Why You Will Not Want To Carpool With My Family

Monday evening Tony and I were sitting outside chatting about our days when I enthusiastically shared with him the description of a handicap van I saw in a hospital parking lot. We’re looking to upgrade to an even larger handicap van/truck/bus/semi-truck in order to transport our whole family once Teddy gets his wheelchair in the next year. The van I saw looked no bigger than our current 15 passenger, but somehow seemed to have enough interior room to fit more than one wheelchair plus bench seating. I pressed my face against the tinted windows of the van and admired the lack of crumbs. I mentioned to Tony that the company decal on the back said ‘Turtle Top”. I was going on and on about the swank interior of the Turtle Top when Tony interrupted me with a laugh and asked “What’s it called again?” “TURTLE TOP!” I said, exasperated that he seemed oblivious to the elegance of the Kardashian of handicap transportation. “Oh, I thought you said plop, turtle plop. Heh, heh. Hey, check me out in my new Turtle Plop. Let’s all go for a ride in the Plopper!”

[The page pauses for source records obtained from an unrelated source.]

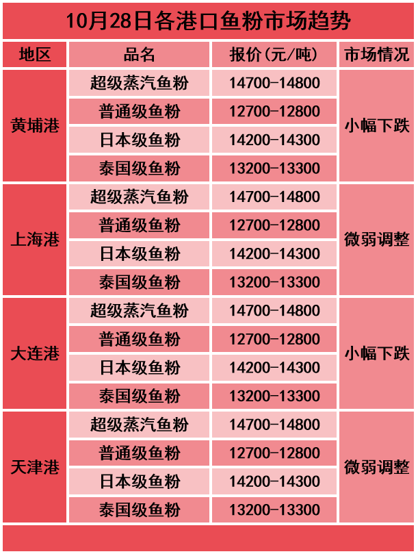 10月28日饲料原料行情:鱼粉价格小幅下跌,豆粕价格上涨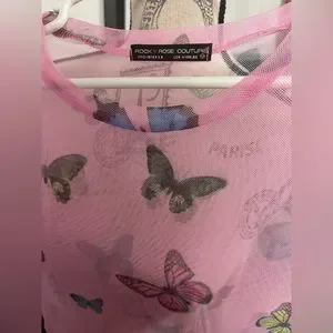 Dolls Kill sheer pink butterfly tee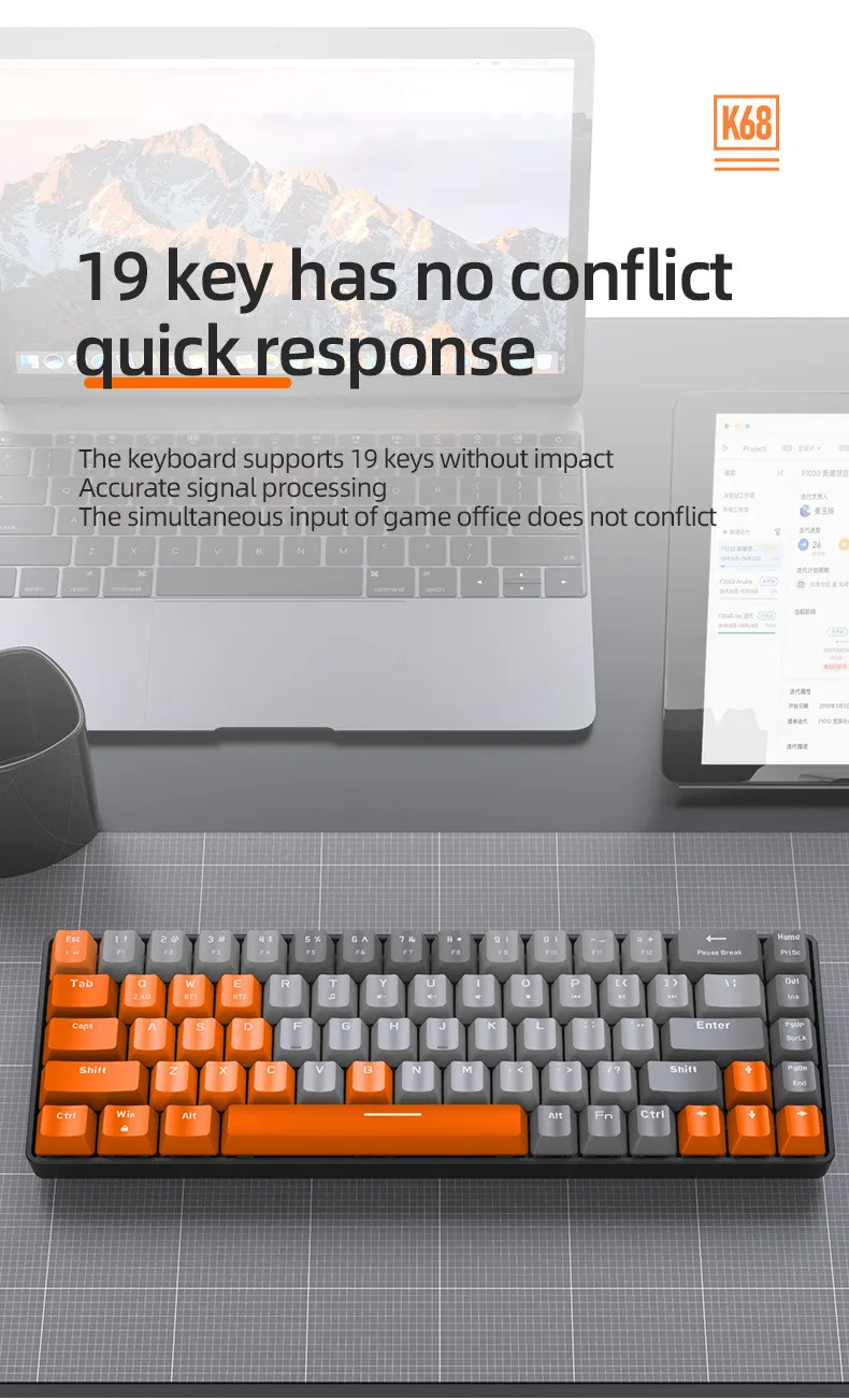 The Ziyoulang FreeWolf K68 is a compact and versatile mechanical keyboard designed for users seeking a balance between performance and portability. With its 68-key layout, dual wireless connectivity, and hot-swappable switches, it caters to both casual typists and gaming enthusiasts.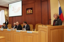 От имени депутатов Законодательного Собрания со словами поздравления к собравшимся в зале представителям всех составов избиркомов, начиная с 1993 года, обратилась председатель Законодательного Собрания Свердловской области Людмила Бабушкина.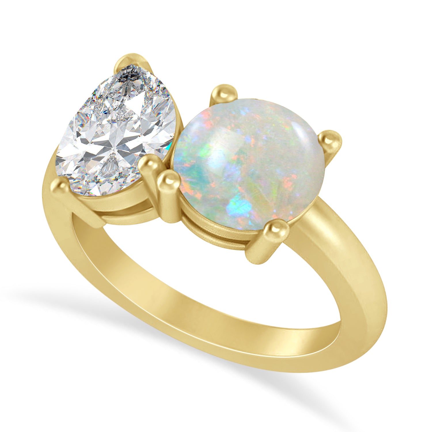 Round/Pear Diamond & Opal Toi et Moi Ring 18k Yellow Gold (4.00ct)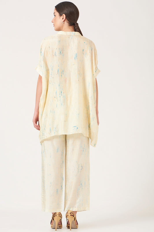 Pale Yellow And Blue Tunnel Print Kaftan Top And Pants Coord Set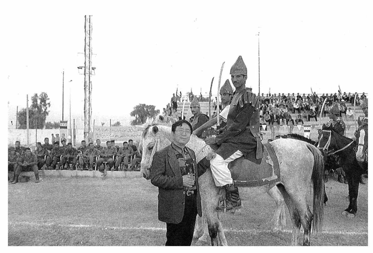 忽然看见主席台的贵宾席上有一位先生一边向我招手一边在一级级地往下挤,定睛一看,是中国驻伊拉克大使张维秋先生。张大使执意要我坐到贵宾席去,我则告诉他,在戒备森严的仪式中,我居然能在这么大的草地上自由自在地窜来窜去,求之不得。大使立即明白,笑了笑也就由我去了。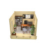 Esta casita de madera rectangular de madera dispone una puerta doble de abertura exterior y dos ventanales en la parte lateral los cuales se pueden colocar en par en cualquiera de las dos paredes, según prefiera el cliente. Además, son de doble acristalamiento de vidrio templado y la puerta tiene una medida de paso de 160x185 cms. La puerta va provista de una cerradura multipunto.

Today I get an email entitled simply ‘the plopper’ which links to the manufacturer’s site complete with specs and floor plans. And while I’m still in love with the vehicle (it really would be great for our family in the long run) I know that purchasing one would result in years of jokes about ‘the family plopper.’ Tony’s already committed to getting the name painted on the side. Heck, even if we don’t buy this brand, I know the likelihood of any future vehicle being christened ‘The Plopper’ is almost a sure thing. Hug your swaggerwagons tight tonight ladies; you never know when something more sinister might come along.